After the wall was clean (and dry), they sprayed a layer of black tar on it, for waterproofing. The whole house smelled that day. It was funny though, it kind of smelled like chocolate. While in the house, you get used to the smell, but if you leave and come back in for a bit, you wonder who is baking something. I never realized tar and chocolate smelled so similar. :)
You can see the black tar here (and the person applying it at the end of the picture)
After the layer of tar, they put in a drain at the bottom of the hole. They call this a tile, but basically it’s a permeable pipe that allows the water to go in and then moves the water to a sump pump. The sump pump is installed at one end of the house and all water that is collected into that tile ends up getting pumped out and into a field that drains to the ditch.

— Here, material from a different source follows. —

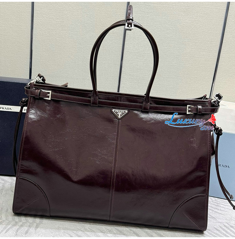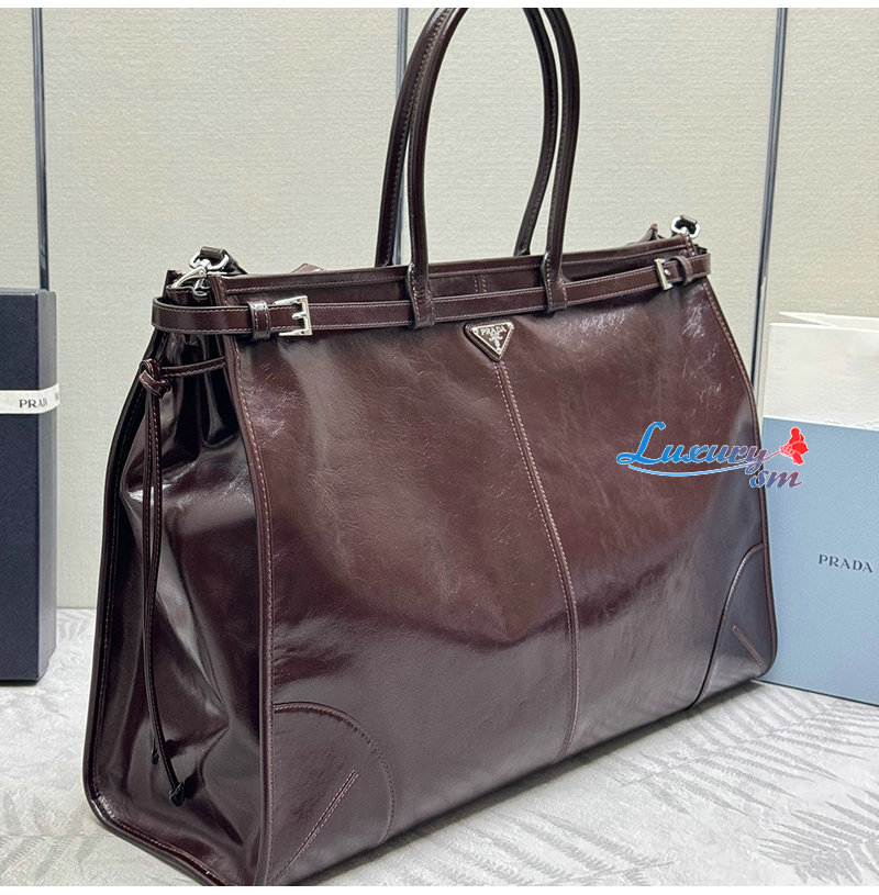 PRADA-2VG128 프라다 다크브라운 송아지 가죽 토트백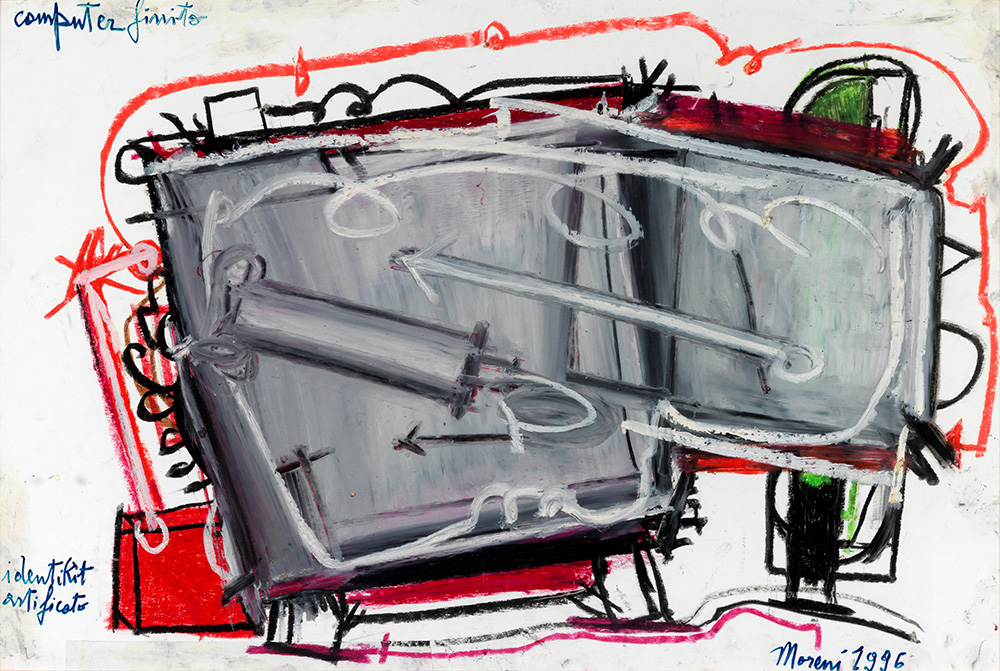 Mattia Moreni 1996 48x71 tecnica mista su cartoncino "identikit" autentica...

After the drain and sump pump are installed, they place a dimple board over the whole wall. This helps any water that comes in contact with the wall to drip down to the drain and not enter into the wall. Finally, a layer of gravel goes on top of the drain. You’d be amazed at just how much gravel goes in (nearly to the top!). The gravel helps the water move down towards the tile. On top of the gravel goes the dirt.
In addition, the dirt around the house is piled up higher against the house and angled downward, so that it will drain away from the house. French drains were installed so that the water will move away from the house as well. Last, but certainly not least, seamless guttering was installed, too so that the french drains would be put to good use!
Since that time, we’ve had no water leaking into the walls of the basement! We did continue to have some seepage, but we’re now addressing that issue. I’ll tell you all about that one next!
That is phase one of our basement waterproofing project in a nutshell.